Closed Lautreck closed 2 years ago
@Lautreck I will check and try to reproduce. from this log, it seems the VPC CNI is not able to reach the ec2 endpoint. Could you please check
@Lautreck any feedback? let me know if you still have the issue?
@raghs-aws hello, the issue is still here, i didn't have the time to do what you proposed yet.
just for point 3. 10.0.0.0 ; 10.0.2.0 ; 10.0.4.0 ; 10.0.6.0 AZ eu-west-1a 10.0.1.0 ; 10.0.3.0 ; 10.0.5.0 ; 10.0.7.0 AZ eu-west-1b
so my multus attachement on the 10.0.5.0 is on az b It's 2 different pods.
hello @raghs-aws
2.1. here the result from the dig on a pod that is on eu-west-1a
; <<>> DiG 9.11.4-P2-RedHat-9.11.4-26.P2.amzn2.5.2 <<>> ec2.eu-west-1.amazonaws.com ;; global options: +cmd ;; Got answer: ;; ->>HEADER<<- opcode: QUERY, status: NOERROR, id: 46227 ;; flags: qr rd ra; QUERY: 1, ANSWER: 2, AUTHORITY: 0, ADDITIONAL: 1
;; OPT PSEUDOSECTION: ; EDNS: version: 0, flags:; udp: 4096 ;; QUESTION SECTION: ;ec2.eu-west-1.amazonaws.com. IN A
;; ANSWER SECTION: ec2.eu-west-1.amazonaws.com. 11 IN CNAME eu-west-1.ec2.amazonaws.com. eu-west-1.ec2.amazonaws.com. 11 IN A 67.220.226.37
;; Query time: 1 msec ;; SERVER: 172.20.0.10#53(172.20.0.10) ;; WHEN: Fri Nov 04 12:46:27 UTC 2022 ;; MSG SIZE rcvd: 167
2.2. here the result from the dig on a Node that is on eu-west-1b ; <<>> DiG 9.11.4-P2-RedHat-9.11.4-26.P2.amzn2.5.2 <<>> ec2.eu-west-1.amazonaws.com ;; global options: +cmd ;; Got answer: ;; ->>HEADER<<- opcode: QUERY, status: NOERROR, id: 26574 ;; flags: qr rd ra; QUERY: 1, ANSWER: 2, AUTHORITY: 0, ADDITIONAL: 1
;; OPT PSEUDOSECTION: ; EDNS: version: 0, flags:; udp: 4096 ;; QUESTION SECTION: ;ec2.eu-west-1.amazonaws.com. IN A
;; ANSWER SECTION: ec2.eu-west-1.amazonaws.com. 0 IN CNAME eu-west-1.ec2.amazonaws.com. eu-west-1.ec2.amazonaws.com. 0 IN A 52.95.121.23
;; Query time: 0 msec ;; SERVER: 10.0.0.2#53(10.0.0.2) ;; WHEN: Fri Nov 04 13:21:33 UTC 2022 ;; MSG SIZE rcvd: 100
Thanks, i can see DNS is resolving for both AZs. So basically when you create 1 nodegroup at a time in 1a or 1b, it's working fine (init container comes up fine), however if you create 2 nodegroups together (1a and 1b), the init container work only in 1 of the AZs (1a ) and not (1b). I will try to reproduce it.
another question, you ran the dig, from the EC2 worker nodes where this pod failed (worker node in 1b)?

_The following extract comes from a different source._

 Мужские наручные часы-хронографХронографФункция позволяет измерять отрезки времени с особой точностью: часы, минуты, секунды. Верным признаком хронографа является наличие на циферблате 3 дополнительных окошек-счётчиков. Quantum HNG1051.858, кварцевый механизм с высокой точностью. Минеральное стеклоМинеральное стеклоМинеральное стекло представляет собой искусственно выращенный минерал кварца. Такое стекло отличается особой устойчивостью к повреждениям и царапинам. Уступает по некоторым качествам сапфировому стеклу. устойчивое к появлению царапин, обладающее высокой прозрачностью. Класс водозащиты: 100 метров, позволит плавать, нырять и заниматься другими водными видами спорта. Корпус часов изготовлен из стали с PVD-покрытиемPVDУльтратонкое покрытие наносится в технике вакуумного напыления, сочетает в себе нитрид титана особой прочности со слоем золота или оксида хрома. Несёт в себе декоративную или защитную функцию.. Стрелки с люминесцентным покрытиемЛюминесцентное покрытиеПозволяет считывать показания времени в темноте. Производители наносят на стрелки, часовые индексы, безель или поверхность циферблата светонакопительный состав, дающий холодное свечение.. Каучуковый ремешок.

another question, you ran the dig, from the EC2 worker nodes where this pod failed (worker node in 1b)?
yes exactly.
juste a reminder that doing my first nodegroupe on az2 for example work perfectly. it is not a issue that concern az(1b) specificaly. it's just that starting my workflow from az1a and then az1b is the usual.
@Lautreck I could reproduce your problem and noticed this issue, however its not a problem of code or steps. below are the 2 issues I had and you can check if you have same issue or the resolution help you. I think tthe issues is since we are adding the 2nd nodegroup in different AZ coredns
Initially I used the same deploymentset name for both AZ deployments , so saw this issue. however I dont think you hd this problem, as your examples have all unique names for the deploymentsets. however check it once.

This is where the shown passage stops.